Give a verbatim copy of the data, leaving the pictures out.

## Data excerpt
□ □ □ □ □ □ □
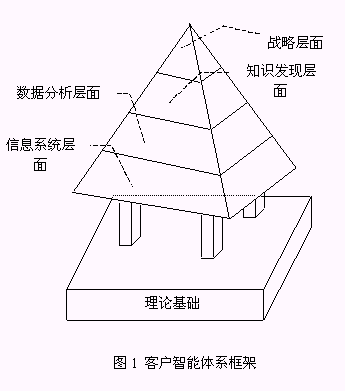 客戶智能系統(tǒng)(CI System)是本文提出的實現(xiàn)客戶智能的系統(tǒng)平臺。它包括了客戶智能體系中的信息系統(tǒng)層面、數(shù)據(jù)分析層面、知識發(fā)現(xiàn)層面,是基于客戶智能理論的可操作的系統(tǒng)框架。因此,客戶智能體系也可以簡單地用客戶智能基礎(chǔ)理論和基于客戶智能理論的客戶智能系統(tǒng)兩個邏輯層面表示(圖2);诳蛻糁悄艿腃RM系統(tǒng)是本文描述的客戶智能系統(tǒng)中的一種。
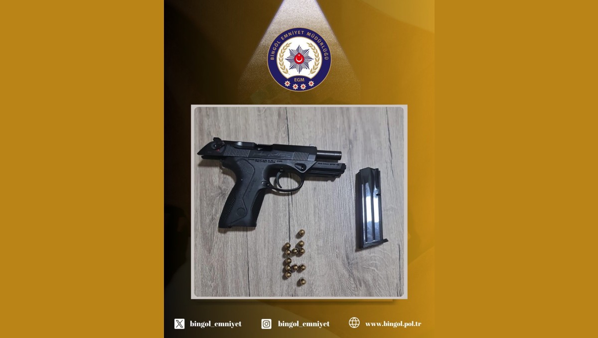 BİNGÖL (İHA) - Bingöl Emniyet Müdürlüğü Terörle Mücadele Şube Müdürlüğü ekipleri şüpheli bir aracı durdurup arama yaptı. Aramada, Beretta Gardone marka ruhsatsız tabanca, 1 adet şarjör içerisinde 12 adet STR24 ibareli 9x19 milimetre fişek ele geçirildi. Olayla ilgili bir şüpheli hakkında adli işlemlere başlandığı belirtildi.
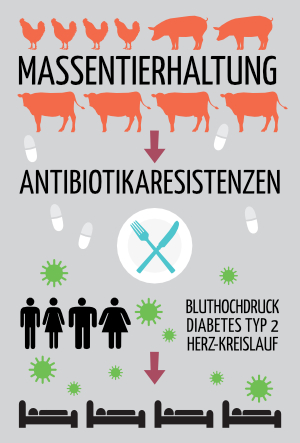 Die Tierhaltung steht am Anfang und am Ende der Pandemien: Sie sind die häufigste Quelle für gefährliche Krankheitskeime und die Tierhaltung fördert Antibiotikaresistenzen. Eine Reduktion des Konsums tierischer Produkte hätte auf allen Ebenen Vorteile:
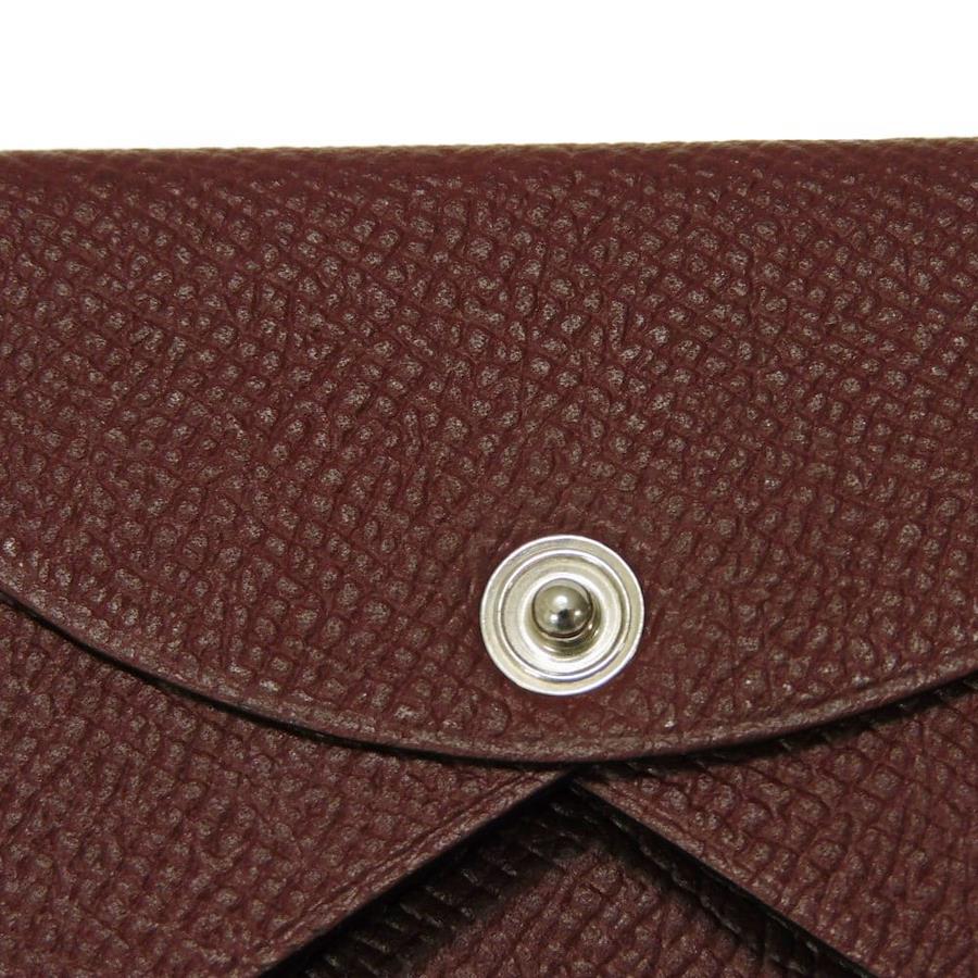 | プレス加工が施された、型押しオールレザーの1枚革で作られた「カルヴィ」スナップ式二つ折りカードケースです。 |
□ □ □ □ □ □ □
## Expected answer
 客戶智能系統(tǒng)(CI System)是本文提出的實現(xiàn)客戶智能的系統(tǒng)平臺。它包括了客戶智能體系中的信息系統(tǒng)層面、數(shù)據(jù)分析層面、知識發(fā)現(xiàn)層面,是基于客戶智能理論的可操作的系統(tǒng)框架。因此,客戶智能體系也可以簡單地用客戶智能基礎(chǔ)理論和基于客戶智能理論的客戶智能系統(tǒng)兩個邏輯層面表示(圖2);诳蛻糁悄艿腃RM系統(tǒng)是本文描述的客戶智能系統(tǒng)中的一種。
 BİNGÖL (İHA) - Bingöl Emniyet Müdürlüğü Terörle Mücadele Şube Müdürlüğü ekipleri şüpheli bir aracı durdurup arama yaptı. Aramada, Beretta Gardone marka ruhsatsız tabanca, 1 adet şarjör içerisinde 12 adet STR24 ibareli 9x19 milimetre fişek ele geçirildi. Olayla ilgili bir şüpheli hakkında adli işlemlere başlandığı belirtildi.
 Die Tierhaltung steht am Anfang und am Ende der Pandemien: Sie sind die häufigste Quelle für gefährliche Krankheitskeime und die Tierhaltung fördert Antibiotikaresistenzen. Eine Reduktion des Konsums tierischer Produkte hätte auf allen Ebenen Vorteile:
 | プレス加工が施された、型押しオールレザーの1枚革で作られた「カルヴィ」スナップ式二つ折りカードケースです。 |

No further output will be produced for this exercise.